Itim, la plongée ésotérique et oppressante de Mike De Leon

Photo du film ITIM de Mike DE LEON © Mike De Leon

En 1976, le jeune cinéaste Mike De Leon s’imposait comme l’un des auteurs philippins à suivre avec Itim, un drame psychologique ésotérique lorgnant du côté du cinéma de genre. Projeté dans le cadre de Cannes Classics, le long métrage narre l’histoire de Jun et Teresa, deux jeunes gens aux destins liés par un même sentiment de culpabilité. Le réalisateur revient sur la conception de ce premier film saisissant.

Qu’est-ce qui vous a donné l’idée de cette histoire aux contours ésotériques ?

C’est Monologue, le premier film que j’ai réalisé et qui est un court-métrage tourné en 16 mm. C’était une histoire de fantômes en hommage à Blow Up, le film de Michelangelo Antonioni (1966), dans laquelle le personnage prenait des photos et ne réalisait pas qu’il avait capté une présence dans sa propre maison. J’avais particulièrement aimé l’idée d’aliénation existentielle qui imprègne Blow Up. En 1975, j’ai eu l’idée d’une histoire sans dialogues, ni effets spéciaux, qui se raconterait en quelque sorte au travers de l’appareil photo de son personnage principal. À cette époque, j'étais très enclin à réduire au maximum les dialogues. Plusieurs bobines entières du film n'en comportent d’ailleurs aucun.

 

Itim examine en toile de fond des problématiques sociales comme les traditions catholiques et les injustices de classes.
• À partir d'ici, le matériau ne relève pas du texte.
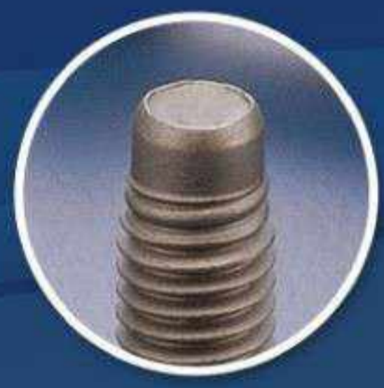
▶ Licensed MATHread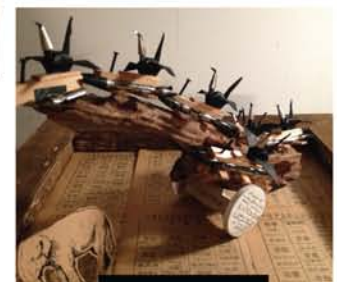
RETURN SENBAZURU 02 2014 Mixed Media 27 X 27 X 23 CM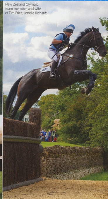
New Zealand Olympic team member, and wife of Tim Price, Jonelle Richards

Qu'avez-vous souhaité montrer ?

Bien qu’ayant été élevé dans la foi catholique et avec une éducation jésuite stricte de l'enfance au collège, j'ai toujours eu « peur » des images et des icônes religieuses catholiques qui proliféraient partout, non seulement dans les églises, mais aussi dans notre propre maison. L'obscurantisme religieux, qui s’est répandu dans notre culture pendant les trois cents ans de colonisation par l'Espagne, est l'une des principales raisons pour lesquelles nous n'avons pas atteint la liberté intellectuelle totale et sommes encore soumis à l'autorité.

« Dans mon esprit, l’obscurité était l’un des personnages majeurs du film. »

Comment avez-vous trouvé votre casting ?

Au début, je voulais de grandes stars parce que c'était une pratique courante de l'époque. Mais très vite, il est apparu évident qu’en procédant ainsi, le budget augmenterait au-delà de ce que nous pouvions nous permettre. Nous nous sommes donc risqués à recruter de nouveaux venus comme Charo Santos et Susan Valdez. Nous avions aussi Mario Montenegro, qui avait été l'une des plus grandes stars de mon enfance. D'une certaine manière, j’ai donc pu travailler sans me soucier des egos.

 

L'ambiance du film est très oppressante, comment l’avez-vous créée ?

Elle résulte de la combinaison des pratiques religieuses traditionnelles liées au Carême aux Philippines et de l'obscurité de cette vieille maison. Dans mon esprit, l'obscurité était l'un des personnages majeurs du film. Avec mon chef décorateur, nous avons opté pour une palette de couleurs volontairement sombre. Le film a été tourné dans la maison ancestrale de ma famille et a été éclairé uniquement en post production car l’éclairage était réduit à son minimum sur le tournage.

 

Outre Blow Up, quels films vous ont inspiré ?

Don't Look Now (Ne vous retournez pas), de Nicholas Roeg, que j’avais découvert pendant que j'étais en Allemagne au milieu des années 1970. Et The Innocents, de Jack Clayton, vu à l’université et que j'ai trouvé vraiment effrayant. C'est toujours l'un des meilleurs films de fantômes jamais réalisés et je ne peux toujours pas le regarder seul. Vous trouverez des éléments de ces films dans Itim.